# Self-Hosted Corridor
Source: https://ggx-docs.corridorplatforms.com/technology/self-hosting/
Markdown: https://ggx-docs.corridorplatforms.com/technology/self-hosting/index.md
:::note[Pipeline Hosting]
For guides on how the analytics and pipelines written in Corridor can be deployed to Production - refer to the [Direct to Production](../../deploy-and-monitor/direct-to-production/) guide.
:::

Guides that cover the installation, configuration, and scaling of Self-Hosted Corridor instances for analytical use.

- [Minimum Requirements](installation/minimum-requirements/)
- Installing on your own infrastructure

    - [Kubernetes](installation/kubernetes/)
    - [Terraform](installation/terraform/)
    - [Amazon Web Services (AWS)](installation/aws/)
    - [Microsoft Azure](installation/azure/)
    - [Google Cloud Platform (GCP)](installation/gcp/)
    - [Docker-based](installation/docker-based/)
    - [Manual](installation/manual/)

- Configurations: How to configure your self-hosted instance of Corridor

    - [SSO Integration - Microsoft AD, Okta, Google Workspace, etc.](configurations/saml/)
    - [RDBMS - Oracle, MS SQL Server, Postgres, etc.](configurations/database/)
    - [Web Servers - Nginx, Apache, etc.](configurations/web-servers/)
    - [Integrating packages - Wheelhouse, Artifactory, etc.](configurations/packages/)
    - [Automated Approval Steps - Jenkins, ServiceNow, JIRA, etc.](configurations/approvals/)
    - [Data Lakes - HDFS, Hive, Snowflake, etc.](configurations/datalake/)
    - [Notifications - Email, Slack, Teams, etc.](configurations/notifications/)
    - [Process Management - Systemd, Supervisor, etc.](configurations/process-management/)

- Scaling to 100s and 1000s of users

    - [Concurrency - Increasing number of parallel runs](scaling/concurrency/)
    - [Scaling to number of users](scaling/scalability/)
    - [Backup Management](scaling/backups/)

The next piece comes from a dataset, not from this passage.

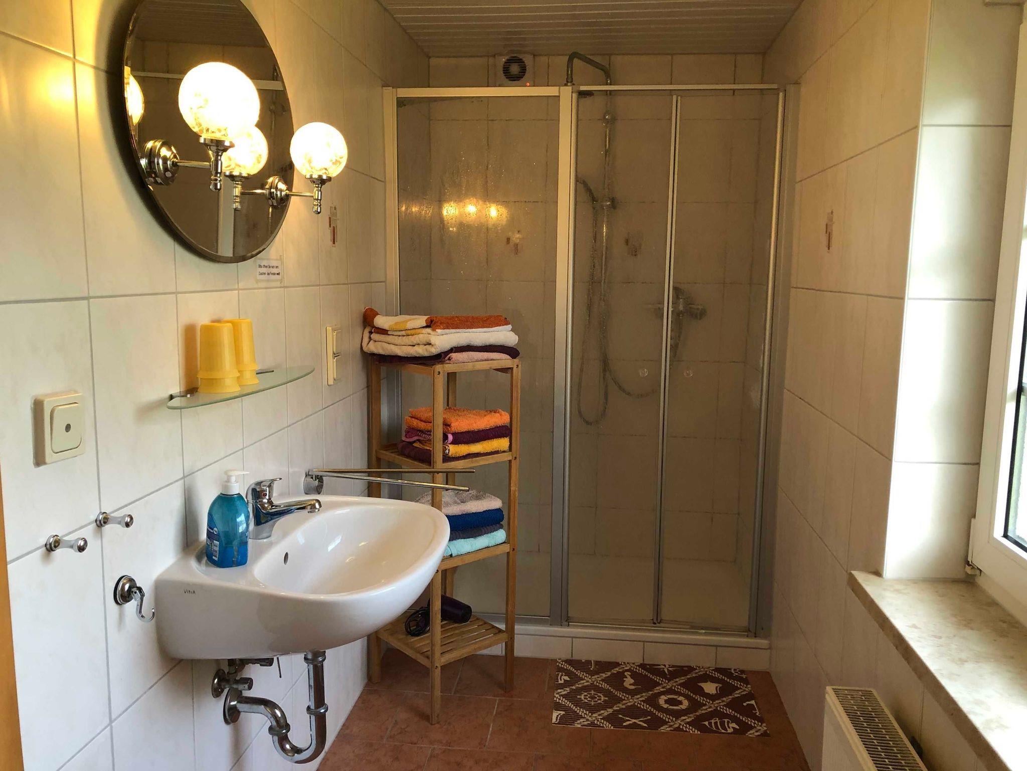 60 m² große Ferienhaus über 2 Etagen mit Wohnzimmer inkl. Sat-TV, vollausgestattete Küchenzeile mit 4 Herdplaten, Backofen, Wasserkocher, Kaffeemaschine, 1 Badezimmer mit Dusche/WC und einem schönen Ausblick in den Garten.

- [Hardening your Corridor instance](hardening/)

## Architectural Overview

The Analytical layer of Corridor for analysts to test and validate their logic and get the required approvals and compliance checks. The production layer is NOT described here as Corridor is isolated from the Production side.

Corridor is divided into various components to keep it modular and enable easy scaling for cloud-based deployments and also to manage high loads without much change. Each of the components can be installed on separate machines or any subset can be installed in the same machine.

The components are divided into:

- **Web Application Server**: The web application server for the analytical UI of the platform
- **API Server**: The API for business logic
- **API - Celery worker**: The worker for asynchronous API tasks
- **Spark - Celery worker**: The worker for asynchronous spark tasks
- **Jupyter Notebook**: The Jupyter Notebook server for free-form analytical use
- **File Management**: The file management server to manage files
- **Metadata Database (SQL RDBMS)**: The database with all metadata provided in the Web Application
- **Authentication Provider**: The identity and auth provider for access and permissions
- **Proxy / Load Balancers**: Load Balancers / Proxies to simplify the install

Here is a typical network diagram of how the installation would look like:
![Network Diagram](./ggx-network-diagram.excalidraw.svg)